→ SOURCE DATA
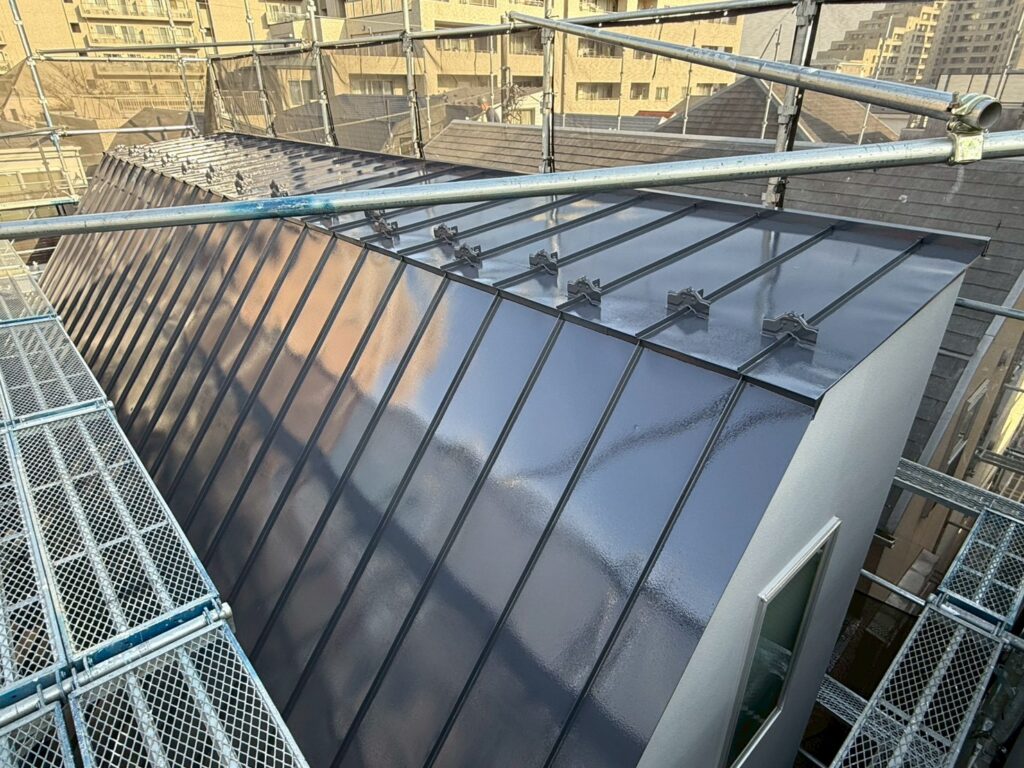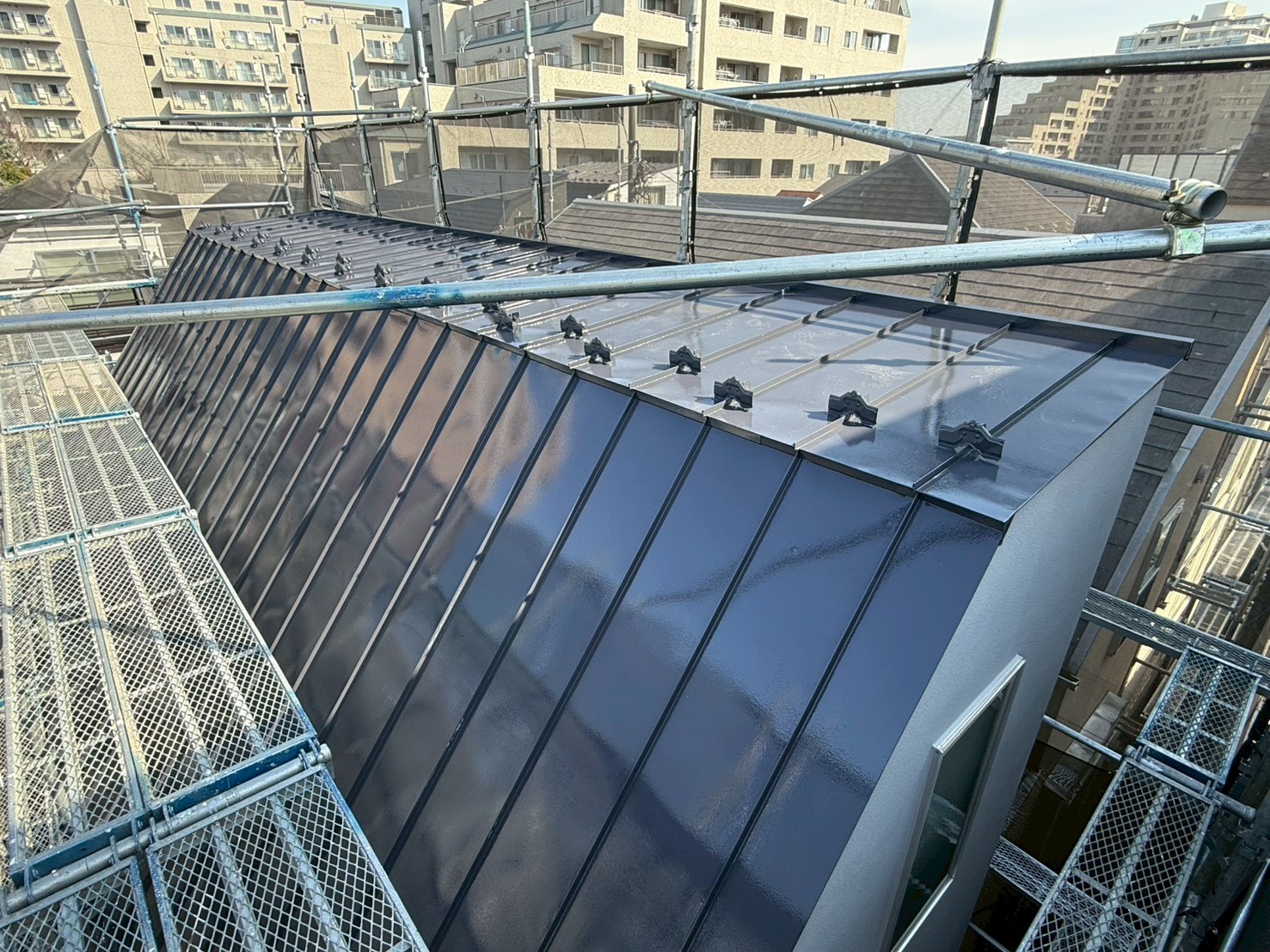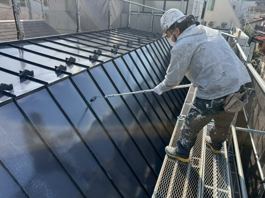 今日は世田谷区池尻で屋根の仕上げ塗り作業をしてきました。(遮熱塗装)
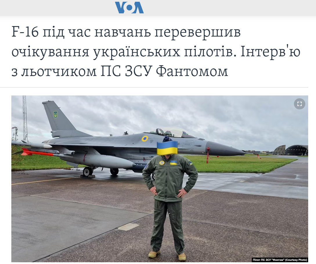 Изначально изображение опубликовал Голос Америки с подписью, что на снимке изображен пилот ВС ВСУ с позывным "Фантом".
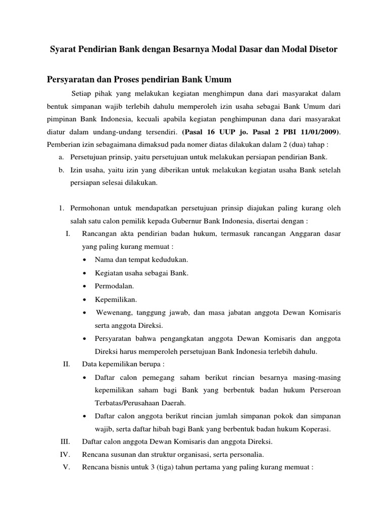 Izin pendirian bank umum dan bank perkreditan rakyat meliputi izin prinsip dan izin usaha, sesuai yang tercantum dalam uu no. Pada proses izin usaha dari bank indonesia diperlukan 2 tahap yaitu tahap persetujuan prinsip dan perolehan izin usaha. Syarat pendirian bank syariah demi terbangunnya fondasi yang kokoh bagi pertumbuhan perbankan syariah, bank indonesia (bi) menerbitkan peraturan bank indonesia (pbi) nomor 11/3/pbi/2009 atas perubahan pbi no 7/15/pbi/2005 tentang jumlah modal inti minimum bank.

--

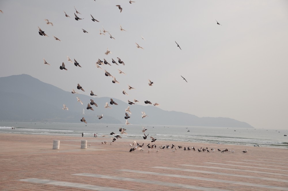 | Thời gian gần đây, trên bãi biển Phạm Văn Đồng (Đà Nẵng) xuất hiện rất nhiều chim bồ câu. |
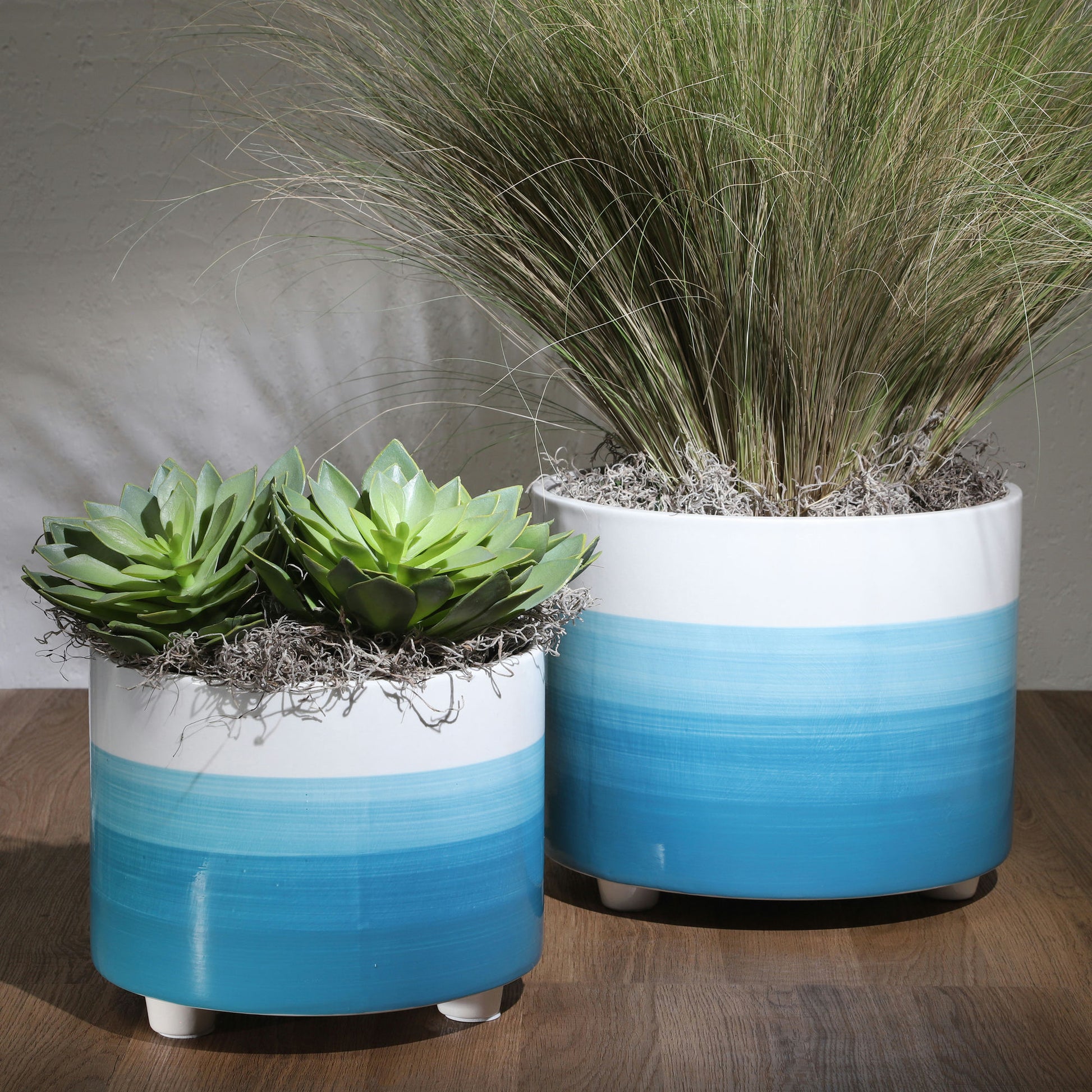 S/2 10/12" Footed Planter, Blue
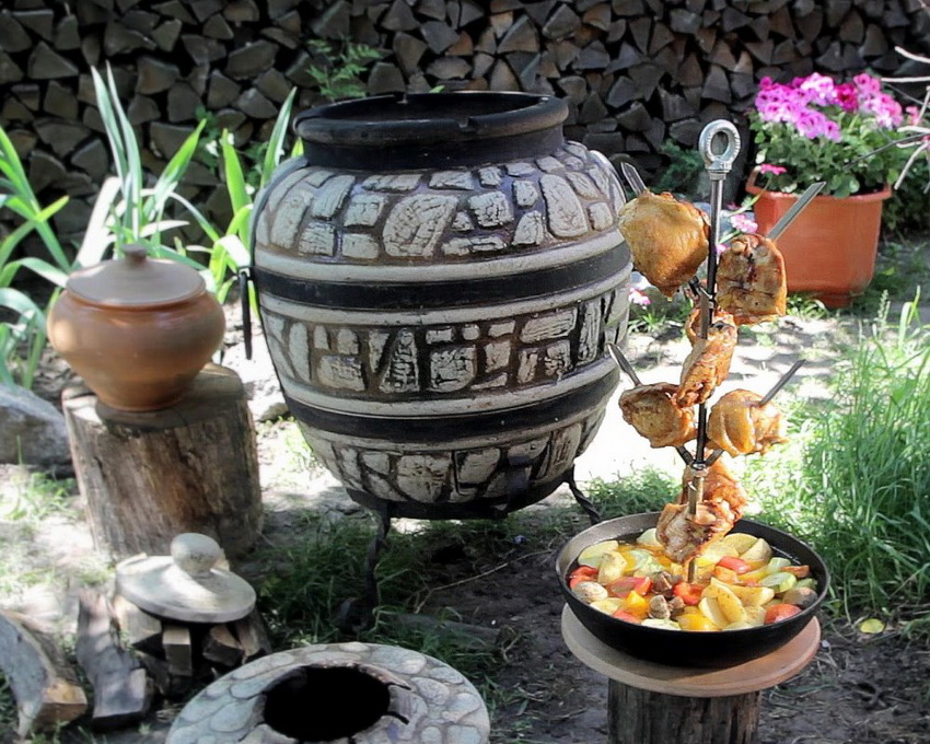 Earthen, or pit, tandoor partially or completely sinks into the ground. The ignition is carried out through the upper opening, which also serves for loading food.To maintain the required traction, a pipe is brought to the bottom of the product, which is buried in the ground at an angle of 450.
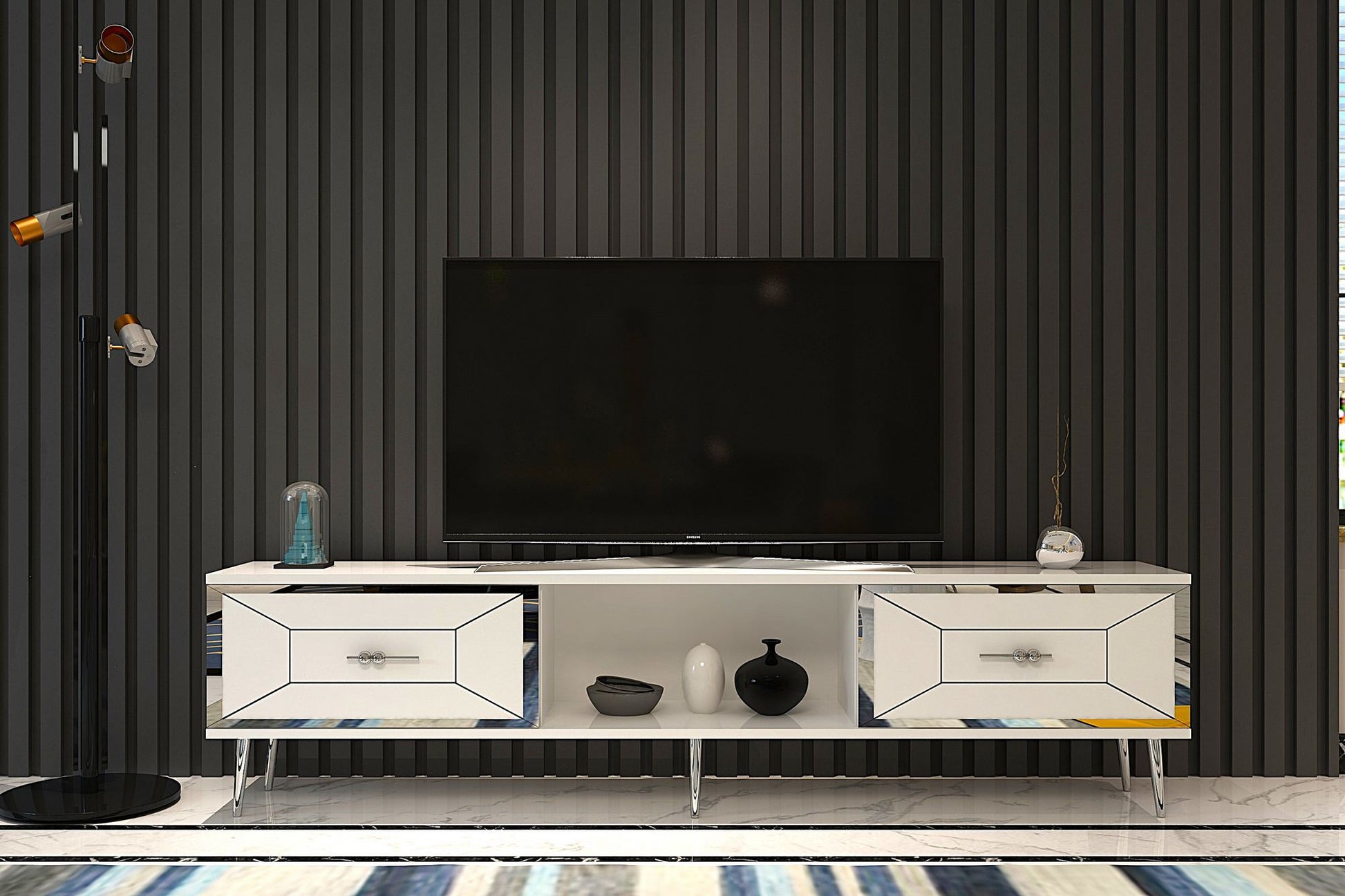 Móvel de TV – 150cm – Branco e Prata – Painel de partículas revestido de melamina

→ EXERCISE INSTRUCTIONS
The data above holds the lines to copy: start at the one with "chim bồ câu. |", stop at the one with "Móvel de TV", include both, copy them exactly without pictures, and copy nothing else.

→ RESULT OF THE TASK
 | Thời gian gần đây, trên bãi biển Phạm Văn Đồng (Đà Nẵng) xuất hiện rất nhiều chim bồ câu. |
 S/2 10/12" Footed Planter, Blue
 Earthen, or pit, tandoor partially or completely sinks into the ground. The ignition is carried out through the upper opening, which also serves for loading food.To maintain the required traction, a pipe is brought to the bottom of the product, which is buried in the ground at an angle of 450.
 Móvel de TV – 150cm – Branco e Prata – Painel de partículas revestido de melamina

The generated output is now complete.